2.2.1 En l'espèce, le recourant allègue que si le Tribunal devait procéder au partage de sa rente de prévoyance professionnelle sans attendre le résultat de la liquidation du régime matrimonial des parties, il aboutirait selon toute vraisemblance à une solution inéquitable et une rente inférieure lui serait alors versée. Une procédure de révision pour faits nouveaux ne permettrait pas, cas échéant, de corriger ce résultat, étant probable qu'à l'issue de celle-ci, le capital initial ne pourrait plus être totalement reconstitué, pour des motifs juridiques (absence de rétroactivité) ou pratiques (utilisation des sommes versées).

2.2.2 Le recourant méconnait cependant qu'il pourra contester l'ordonnance de refus de suspension dans le cadre de l'éventuelle remise en cause de la décision sur le fond et, cas échéant, obtenir la suspension à ce moment-là s'il l'estime toujours utile, étant précisé que le prolongement de la procédure ou l'accroissement des frais de celle-ci ne constitue pas un préjudice difficilement réparable.

Il s'ensuit que le refus de suspendre la procédure n'est pas de nature à causer au recourant un préjudice difficilement réparable.

Partant, son recours est irrecevable, la condition de l'art. 319 let. b ch. 2 CPC n'étant pas remplie.

3. Le recourant, qui succombe, sera condamné aux frais judiciaires du recours (art. 106 al. 1 CPC). Ceux-ci seront arrêtés à 1'200 fr., comprenant l’émolument de décision sur effet suspensif (art. 41 RTFMC), et entièrement compensés avec l'avance de frais du même montant fournie par le recourant, laquelle reste acquise à l'Etat de Genève (art. 111 al. 1 CPC).

Le recourant sera condamné à verser des dépens de recours à l'intimée (art. 106 al. 1 et 111 al. 2 CPC). Ceux-ci seront arrêtés à 2'000 fr., débours compris, compte tenu de la faible difficulté de la cause et du travail qu'elle a impliqué (art. 84, 85, 87 et 90 RTFMC, art. 23, 25 et 26 LaCC). Il ne sera pas tenu compte de la TVA dans la mesure où l'intimée est domiciliée à l'étranger (ATF 141 IV 344 consid. 4.1; arrêt du Tribunal fédéral 4A_623/2015 du 3 mars 2016).

* * * * *


PAR CES MOTIFS,
La Chambre civile :

Déclare irrecevable le recours interjeté le 16 mai 2025 par A______ contre l'ordonnance ORTPI/538/2025 rendue le 5 mai 2025 par le Tribunal de première instance dans la cause C/11262/2024.

Sur les frais:

Arrête les frais judiciaires de recours à 1'200 fr., les met à la charge de A______ et les compense avec l'avance de frais versée, qui reste acquises à l'Etat de Genève.

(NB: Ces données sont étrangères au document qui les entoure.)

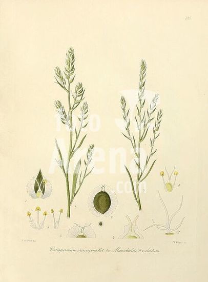alb15275678 Icones, Florae, Germanicae, et, Helveticae, Simul, Pedemontanae, Tirolensis, Istriacae, Dalmaticae, Austriacae, Hungaricae, Transylvanicae, Moravicae, Borussicae, Holsaticae, Belgicae, Hollandicae, Ergo, Mediae, Europae, Lipsiae, F. Hofmeister, 1834-1912, v. 1, 1850, Europe, Pictorial, Works, Plants, The illustration features a botanical study of **Cinchona officinalis**, commonly known as the cinchona tree, which is celebrated for its bark's medicinal properties, particularly in the treatment of malaria. On either side, two vertical representations of the plant showcase its slender stems adorned with narrow, elongated leaves. Detailed diagrams below highlight various parts of the flower, including the floral structure and reproductive components. These illustrations exemplify the delicate beauty and scientific interest of this important species, reflecting the intricate details of botany and the art of plant illustration.
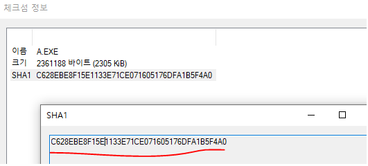 복원한 파일의 SHA1 해시값을 확인하면 된다.
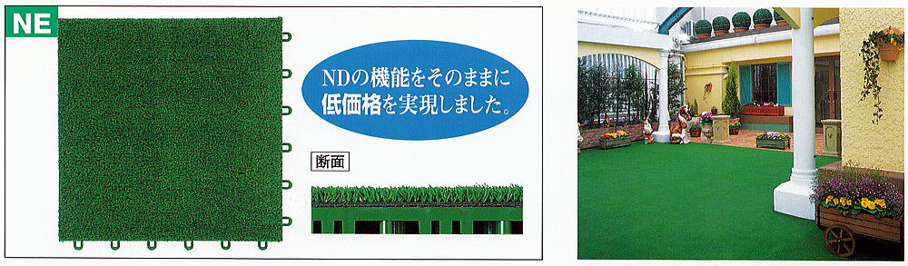 | ◎他では、あまりない、人工芝に架台をつけたジョイントタイプで施工もカンタン ◎優れた透水 排水機能を実現しました |
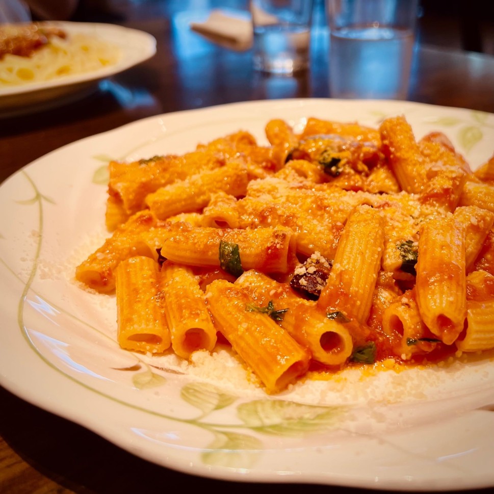 ほーーんのりと辛さが感じられます。ニンニクが効いたトマトソースの奥に、これまたほんのりバジルが🍝

Condamne A______ à verser à B______ 2'000 fr. à titre de dépens de recours.

Siégeant :

Madame Stéphanie MUSY, présidente; Madame Fabienne GEISINGER-MARIETHOZ, Madame Nathalie RAPP, juges; Madame Jessica ATHMOUNI, greffière.

 

 

 

 

 

 

 

 

 

 

 

 

Indication des voies de recours :

 

Conformément aux art. 72 ss de la loi fédérale sur le Tribunal fédéral du 17 juin 2005 (LTF; RS 173.110), le présent arrêt peut être porté dans les trente jours qui suivent sa notification avec expédition complète (art. 100 al. 1 LTF) par-devant le Tribunal fédéral par la voie du recours en matière civile.

 

Le recours doit être adressé au Tribunal fédéral, 1000 Lausanne 14.

 

 

Valeur litigieuse des conclusions pécuniaires au sens de la LTF supérieure ou égale à 30'000 fr.